Fair Resource Allocation in Virtualized O-RAN Platforms
Fatih Aslan, George Iosifidis, Jose A. Ayala-Romero, Andres Garcia-Saavedra, Xavier Costa-Perez
TL;DR
This work addresses the rising energy costs of virtualized O-RAN (vRAN) platforms by proposing a horizon-fair, online control framework that jointly optimizes compute-load distribution across heterogeneous O-Cloud processing units and near-real-time TB size thresholds for user transmissions. It introduces a saddle-point reformulation with proxy functions $\Psi_t(\bm \theta,\bm \phi,\bm x)$ and dual variables in bounded sets $\Theta$ and $\Phi$, enabling optimistic Follow-The-Regularized-Leader (OFTRL) updates on both the primal and dual spaces. The methods yield sublinear horizon fairness regret $\bm{\mathcal{R}}_T(F_{\alpha},F_{\beta})$ in adversarial settings and approach constant regret $\mathcal{O}(1)$ under perfect predictions, with closed-form, lightweight updates suitable for non-RT and near-RT RICs.
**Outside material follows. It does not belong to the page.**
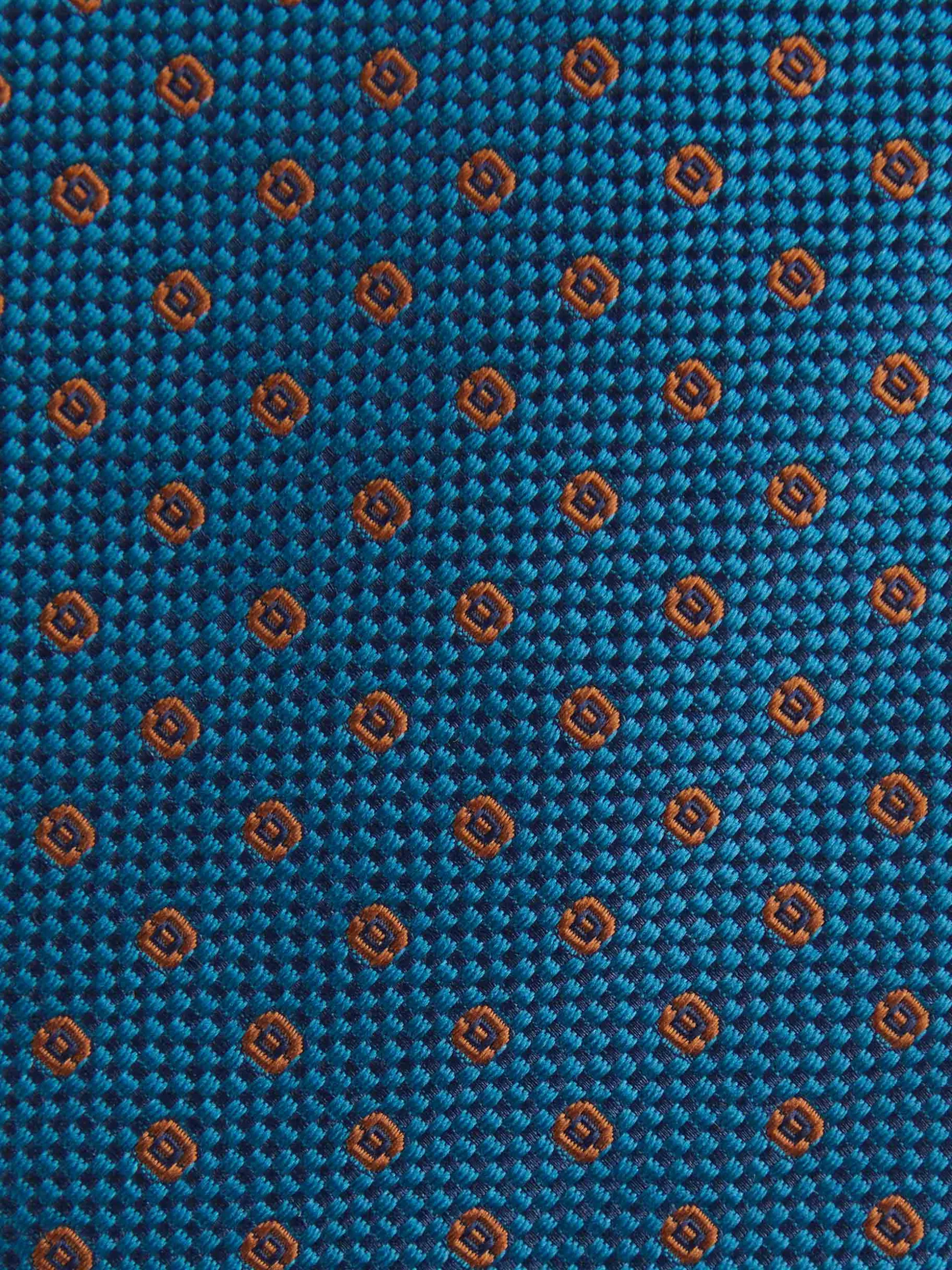 Corbata estilo jacquard con diseño estampado a contraste confeccionada en 100% poliéster. Cuenta con el logo de la marca grabado en el interior.

Evaluation on trace-driven simulations and an O-RAN testbed demonstrates energy savings up to about $72\%$ with reasonable latency tradeoffs, validating the practicality and impact of horizon-fair resource allocation in O-Cloud vRANs.
Abstract
O-RAN systems and their deployment in virtualized general-purpose computing platforms (O-Cloud) constitute a paradigm shift expected to bring unprecedented performance gains. However, these architectures raise new implementation challenges and threaten to worsen the already-high energy consumption of mobile networks. This paper presents first a series of experiments which assess the O-Cloud's energy costs and their dependency on the servers' hardware, capacity and data traffic properties which, typically, change over time. Next, it proposes a compute policy for assigning the base station data loads to O-Cloud servers in an energy-efficient fashion; and a radio policy that determines at near-real-time the minimum transmission block size for each user so as to avoid unnecessary energy costs. The policies balance energy savings with performance, and ensure that both of them are dispersed fairly across the servers and users, respectively. To cater for the unknown and time-varying parameters affecting the policies, we develop a novel online learning framework with fairness guarantees that apply to the entire operation horizon of the system (long-term fairness). The policies are evaluated using trace-driven simulations and are fully implemented in an O-RAN compatible system where we measure the energy costs and throughput in realistic scenarios.